The section of line A from Notre Dame de Lorette to Pigalle opened on 9 April 1911; the section of line B from La Fourche to Porte de Clichy opened on 20 January 20, 1912; and finally the section of line A from Pigalle to Jules Joffrin opened on 30 October 1912. The completion of the northern end of line A from Jules Joffrin to Porte de la Chapelle was then delayed by the outbreak of World War I. The Nord-Sud company completed this extension during the war: it was opened on 23 August 1916.

===Legacy===

During the 1920s the company took the necessary steps for building line C, Porte de Vanves to Montparnasse. But the construction costs of Nord-Sud lines made it impossible for it to survive and on 1 January 1931, it was taken over by mutual agreement by its rival, the CMP.

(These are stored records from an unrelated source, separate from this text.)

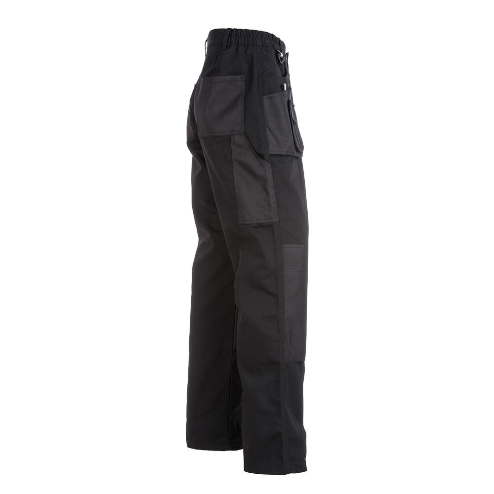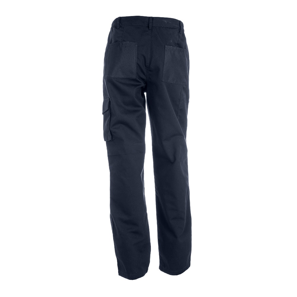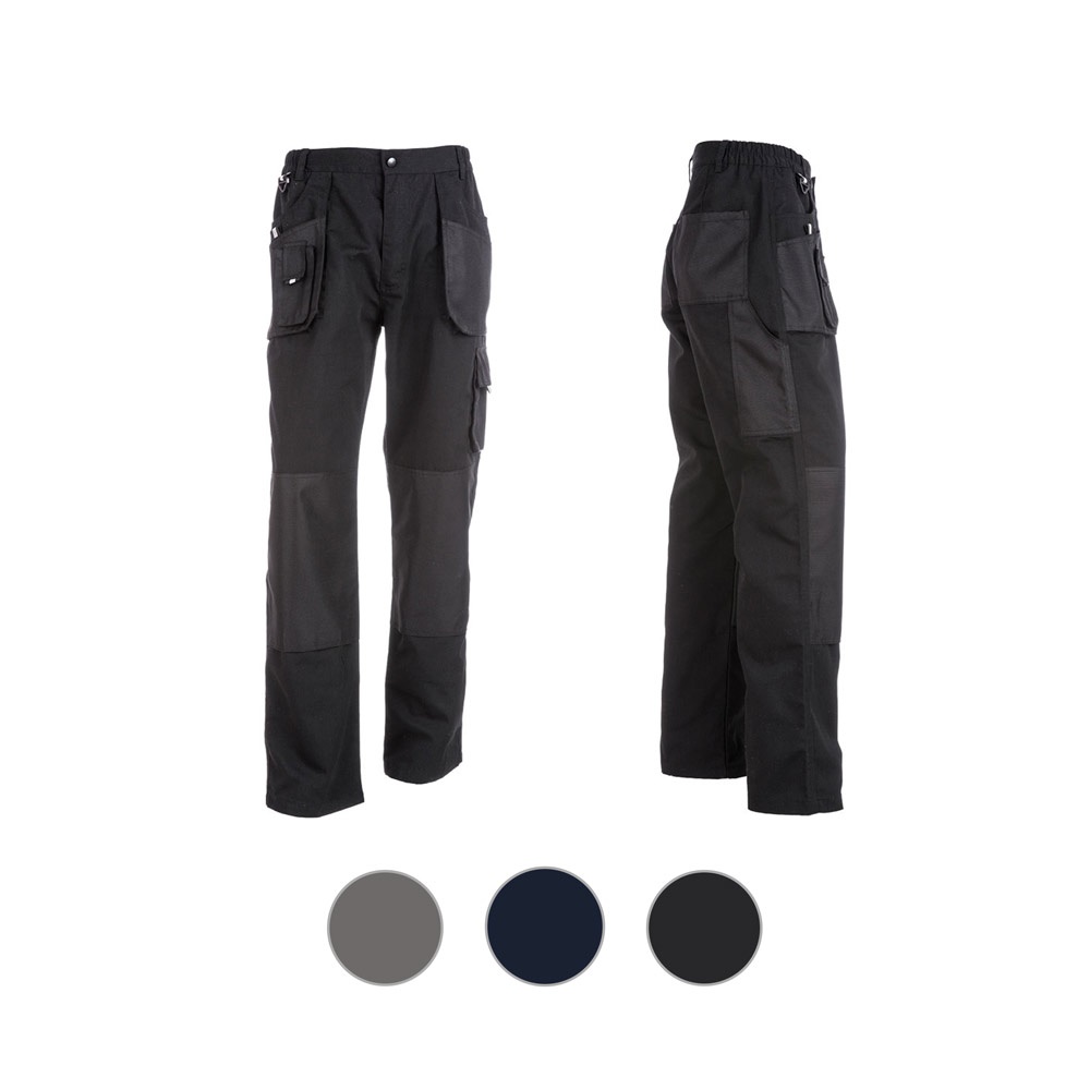 Calças para homem em 80% algodão e 20% polié,ster (260 g/m²) com acabamentos refletores na zona frontal e encaixe em oxford para as joelheiras. Conté,m no total 8 bolsos, tendo 3 deles fecho com aderente incluindo 1 para guardar o telemóvel. A cintura é, elástica e tem uma presilha plástica para pendurar objetos de uso corrente. Tamanhos: XS, S, M, L, XL, XXL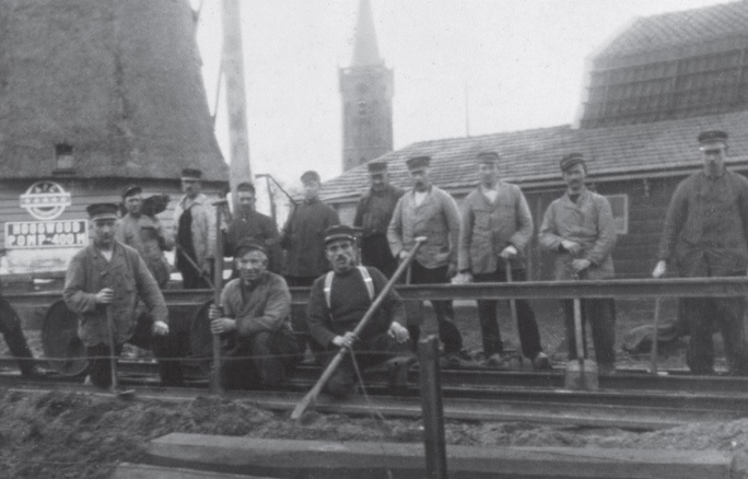 Werken aan het spoor bij de Lastdrager in Hoogwoud in 1920.
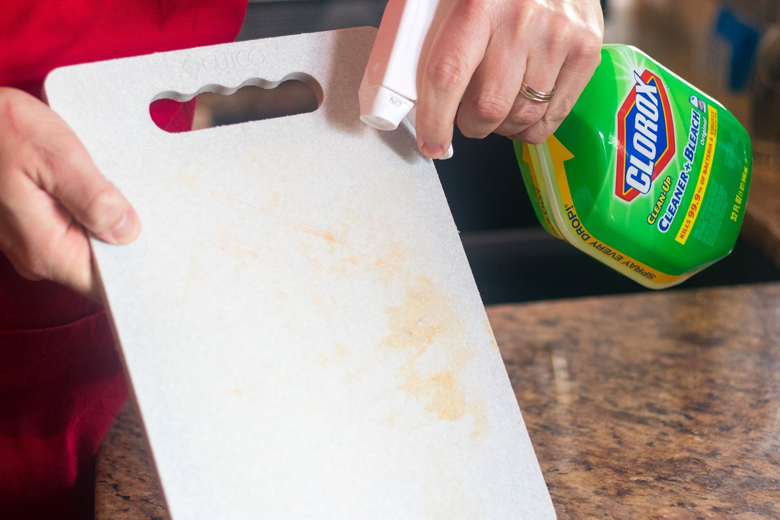 Astuce 4: Clorox Clean Up Spray désinfecte vos planches à découper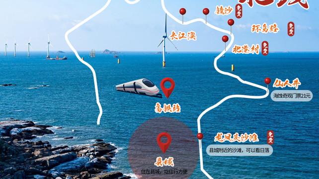 - :📑服务保障:一单一团:不拼团不拼车,私密出行,乐享假期; 🎨随心定制:景点顺序、游玩时间、出发时间均由您决定~ 🤵 VIP管家:线上管家随时在线响应需求,行前提醒+行中播报,为您的行程保驾护航; 👨✈️车队司机:严选车辆和司机,平稳驾驶,认真负责,热情贴心; 📃无购物无自费:双重条款保障行程,拒绝推销车售,还您纯净之旅; 🚩【缤纷景点】仙人井&东海仙境:览看大自然的鬼斧神工 山海相连 ;猴研岛&68海里隔海相望台湾岛;北港村打卡亲子综艺《爸爸去哪儿》的拍摄地🎬️&听石头会唱歌+特色石头厝 ;北部生态长廊:滨海长廊&漫步玻璃栈道;长江澳风车沙滩:邂逅蓝天大海和风车;龙凤头海滨浴场&坛南湾:沙滩逐浪 畅玩海滨 捡拾贝壳! 💒自选酒店:2晚平潭岛5钻酒店及房型任选,自由下榻·称心如意。
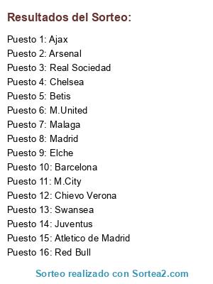 Lista de participantes: M.City, Malaga, Barcelona, Swansea, Elche, Madrid, Chelsea, Arsenal, Atletico de Madrid, Red Bull, Real Sociedad, Ajax, Betis, Juventus, M.United, Chievo Verona.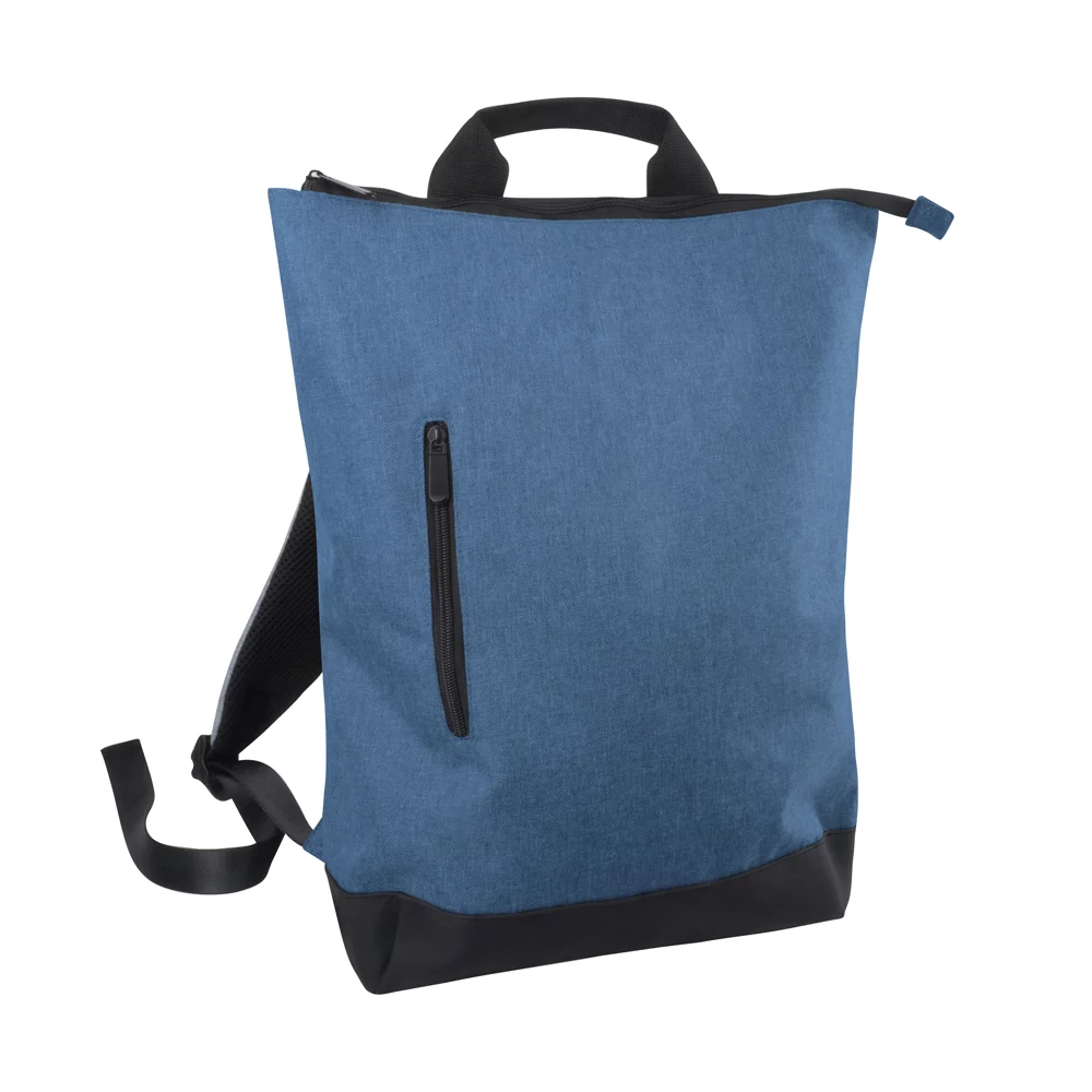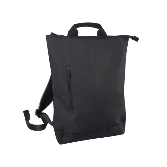 Trendiger City-Rucksack hergestellt aus rezyklierten PET-Flaschen, mit grossem Hauptfach, seitlichem Aussenfach, wasserfesten Reissverschlüssen und verstellbaren Henkeln, Mindestbestellmenge 250 Stück

The former lines of the Nord-Sud company were then gradually integrated into the CMP network: old line A became line 12 and line B became line 13. Line C was built soon after by the CMP during the 1930s and became old line 14, until it was absorbed by line 13 in 1976 following the construction of an intermediate section. Line 14 reappeared on the map 22 years later when it opened in 1998.